Go to the line holding "ПОТЕНЦИАЛЬНЫЙ ПРОЕКТ Илья" in the entries below and write out exactly every line down to and including the line holding "Latitude: 28.751343 Longitude: 77.291975".

▸ **Dataset records**:
——————

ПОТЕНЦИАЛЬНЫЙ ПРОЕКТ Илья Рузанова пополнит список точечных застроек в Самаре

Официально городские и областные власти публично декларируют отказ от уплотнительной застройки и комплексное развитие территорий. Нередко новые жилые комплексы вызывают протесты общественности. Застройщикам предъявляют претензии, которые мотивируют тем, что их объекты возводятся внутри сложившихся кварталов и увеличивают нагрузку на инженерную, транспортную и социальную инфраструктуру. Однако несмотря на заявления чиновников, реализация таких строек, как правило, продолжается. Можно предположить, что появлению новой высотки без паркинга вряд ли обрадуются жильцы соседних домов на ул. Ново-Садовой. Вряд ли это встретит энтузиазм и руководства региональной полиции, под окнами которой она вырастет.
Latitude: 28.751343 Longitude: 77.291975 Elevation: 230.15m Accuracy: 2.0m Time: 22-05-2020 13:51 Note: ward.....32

——————

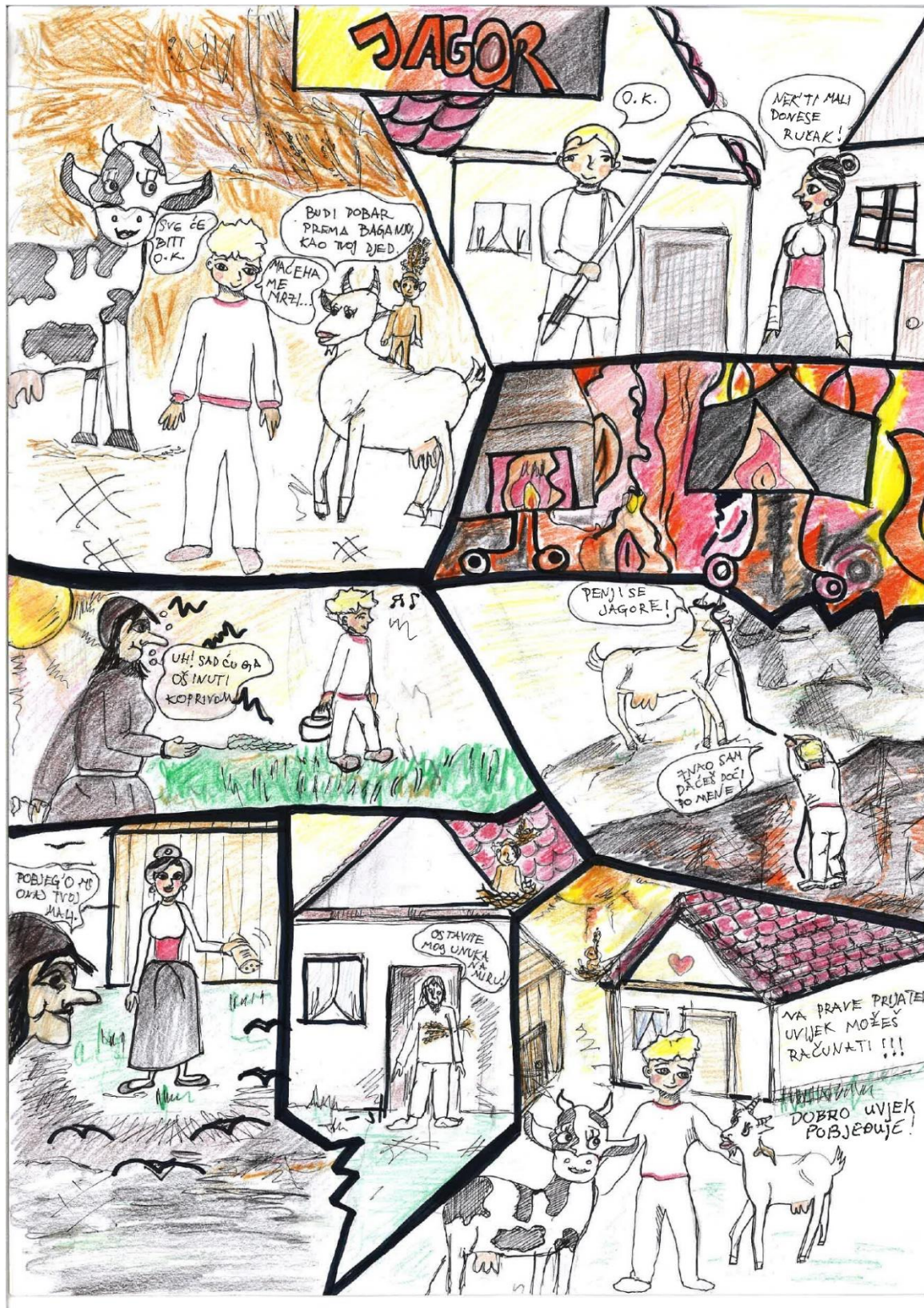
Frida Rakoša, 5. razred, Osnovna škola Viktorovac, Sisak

——————

▸ **Exercise response**:
ПОТЕНЦИАЛЬНЫЙ ПРОЕКТ Илья Рузанова пополнит список точечных застроек в Самаре

Официально городские и областные власти публично декларируют отказ от уплотнительной застройки и комплексное развитие территорий. Нередко новые жилые комплексы вызывают протесты общественности. Застройщикам предъявляют претензии, которые мотивируют тем, что их объекты возводятся внутри сложившихся кварталов и увеличивают нагрузку на инженерную, транспортную и социальную инфраструктуру. Однако несмотря на заявления чиновников, реализация таких строек, как правило, продолжается. Можно предположить, что появлению новой высотки без паркинга вряд ли обрадуются жильцы соседних домов на ул. Ново-Садовой. Вряд ли это встретит энтузиазм и руководства региональной полиции, под окнами которой она вырастет.
Latitude: 28.751343 Longitude: 77.291975 Elevation: 230.15m Accuracy: 2.0m Time: 22-05-2020 13:51 Note: ward.....32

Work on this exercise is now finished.